How does the vault work?
There will be two vaults down a 120-metre tunnel in the middle of a mountain, which will have the capacity to store 3 million seed samples, representing the vast range of genetic variety among all the world’s key crops. The seeds should be safe even if there is a nuclear war, or if all the ice sheets melted or global warming went into overdrive. The vaults should be built essentially to last forever. They will function as an ultimate safety net for existing gene banks, whose collections are vulnerable to all manner of threats.
The vaults will have cooling units set at -18 °C. Over time the whole rock area round the vault will get that cold. If the refrigeration fails, the permafrost will keep the seeds safe at -6 °C. Even worst-case global warming shouldn’t affect that for hundreds of years.
What inspired your obsession with seeds?
I grew up in Tennessee and my mother’s family were farmers. But it was reading articles by a man named Jack Harlan, one of the world’s top experts on crop diversity, that changed my life. He argued that we are headed for starvation on a scale we can’t imagine because we are losing our heritage of seeds.
I began by writing a guide to where farmers and gardeners could find old heirloom varieties, and handed it out at farmers’ markets. When I got a proper job with the National Sharecroppers’ Fund, running a resource centre for farmers, they humoured me and I was able to continue this love affair.
How did you get involved in protecting global seed banks?
I began working on the politics of seeds with Pat Mooney, a Canadian campaigner. We were critical of the privatisation of plant breeding and of governments and corporations for not doing more to protect diversity. It seemed pretty radical back in the 1980s, at least to some people, but the world changed. In 1992, the UN Food and Agriculture Organization asked me to head up the first global assessment of crop diversity.

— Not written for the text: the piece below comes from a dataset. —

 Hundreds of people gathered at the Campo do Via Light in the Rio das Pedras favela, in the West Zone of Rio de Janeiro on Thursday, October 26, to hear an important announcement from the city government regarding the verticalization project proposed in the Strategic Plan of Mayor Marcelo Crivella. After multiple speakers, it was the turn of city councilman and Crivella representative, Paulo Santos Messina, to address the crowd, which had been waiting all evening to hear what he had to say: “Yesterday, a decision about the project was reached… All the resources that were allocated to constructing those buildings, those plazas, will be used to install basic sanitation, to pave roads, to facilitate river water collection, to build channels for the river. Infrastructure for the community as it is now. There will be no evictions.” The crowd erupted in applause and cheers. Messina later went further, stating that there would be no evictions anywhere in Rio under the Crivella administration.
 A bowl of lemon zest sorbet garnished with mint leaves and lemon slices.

Based on reports from 158 countries, I drafted a global plan of action and then went to work with others on a legally binding treaty. The treaty was agreed upon in 2001.
Now I direct an organisation called the Global Crop Diversity Trust, which is raising funds to protect the world’s seed collections and to operate the so-called doomsday vault. Governments of countries as diverse as the US and Ethiopia, corporations such as Syngenta and DuPont, farmers organisations and foundations have all contributed to the fund, which should ensure the conservation of crop diversity to meet agriculture’s needs in perpetuity.

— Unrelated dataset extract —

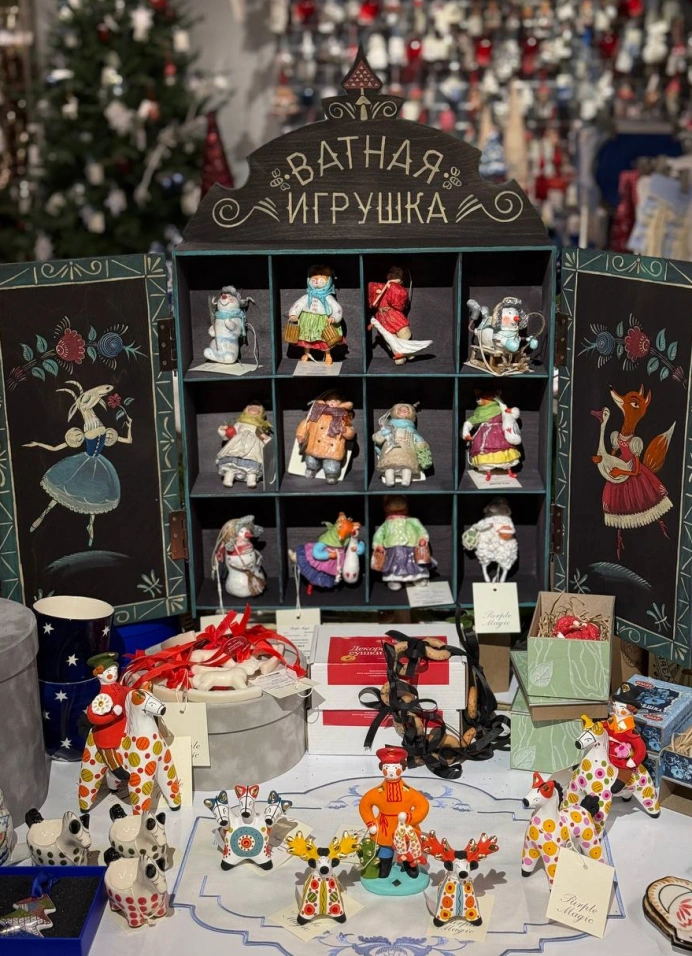 С теплом вспоминаем украшения, которые мы бережно заворачивали в вату вместе с родителями: семафоры, игрушки на прищепках, из папье-маше (Душистые радости) и ваты (Кузьминская игрушка), мультяшные персонажи, флажки, гирлянды, стеклянные бусы, — всё, как в детстве.

Are the existing collections unsafe?
Yes. There have been some tragic losses. The national seed collection in Afghanistan, an important centre of crop diversity, was looted by the Taliban. Ancient varieties of wheat and lentils were held in Abu Ghraib in Iraq until the place was ransacked after the US invasion in 2003. Just last September, a typhoon pushed 2 metres of mud and water into the Philippines’ national gene bank. Afterwards they found that the foil packages containing the seeds were not waterproof. Many irreplaceable samples were lost. Of course not all crops can be stored as seed, some were planted out in fields. The yam collection was literally washed away.
But the biggest losses occur quietly, day to day, as a result of poor management, equipment failures and budget cuts. Perhaps 50 per cent of all the crop diversity in developing country seed banks is under threat. Seeds don’t last forever, even in the best freezers. Sooner or later you need to take them from the bank, plant them and harvest fresh seed to put back in. Many institutions can’t manage that, and a lot of gene banks are just watching their stuff slowly die, thus the need for a safety net.

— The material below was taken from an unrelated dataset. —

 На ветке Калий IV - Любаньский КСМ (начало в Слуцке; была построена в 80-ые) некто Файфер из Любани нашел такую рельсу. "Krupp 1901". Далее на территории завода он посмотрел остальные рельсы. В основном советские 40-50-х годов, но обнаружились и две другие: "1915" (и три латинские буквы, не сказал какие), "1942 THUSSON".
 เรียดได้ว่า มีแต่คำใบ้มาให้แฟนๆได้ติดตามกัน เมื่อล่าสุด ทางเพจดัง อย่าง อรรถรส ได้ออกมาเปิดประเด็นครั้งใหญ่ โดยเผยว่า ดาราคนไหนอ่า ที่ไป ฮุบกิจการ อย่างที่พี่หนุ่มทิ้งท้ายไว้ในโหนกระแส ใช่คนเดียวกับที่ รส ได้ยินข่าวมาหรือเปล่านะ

“Fifty per cent of crop diversity in seed banks is under threat”
Some campaigners believe what we should really be doing is keeping crop varieties growing in farmers’ fields.
I wrote some of the first articles on the need for on-farm conservation and I still believe in it. Unfortunately, others who also believe in it promote this on-farm approach to the exclusion of all others. How can they say that the field is the only valid place to preserve diversity? The truth is that gene banks today are chock-full of varieties that farmers are no longer growing. They remain vital for plant breeding, though, even in these days of genetic engineering.
Agribusiness used to be considered the enemy. Has the industry changed?
Yes, even more than me, I think. Back in the 80s, the so-called radicals wanted to increase budgets for conserving diversity as a common heritage of humankind. And we wanted a global treaty to protect it. We’ve got that treaty now, and more than 100 countries have ratified. Now most companies also realise that diversity has to be conserved.
As people realise how valuable seed collections are, won’t they be reluctant to share them?
It’s sad but true. Some of us spent a long time convincing governments how valuable this genetic diversity is. Of course, we meant as a global resource, not as a commodity, but people hear that the way they want to hear it. Governments started putting walls around their national collections and refusing access.
We have gone through a kind of dark ages in which many countries have not been willing to share their diversity, and have also been incompetent at conserving it – the worst of all worlds. But I believe we are now emerging from this damaging period. We now have a treaty that guarantees access and benefit sharing and a trust to provide reliable and permanent funding to conserve all crop diversity, on the condition that recipients are willing to share. Once the vault is fully stocked, the world will also have a safety net for future generations to protect the fruits of 10,000 years of plant breeding by millions of farmers. That will be a special moment.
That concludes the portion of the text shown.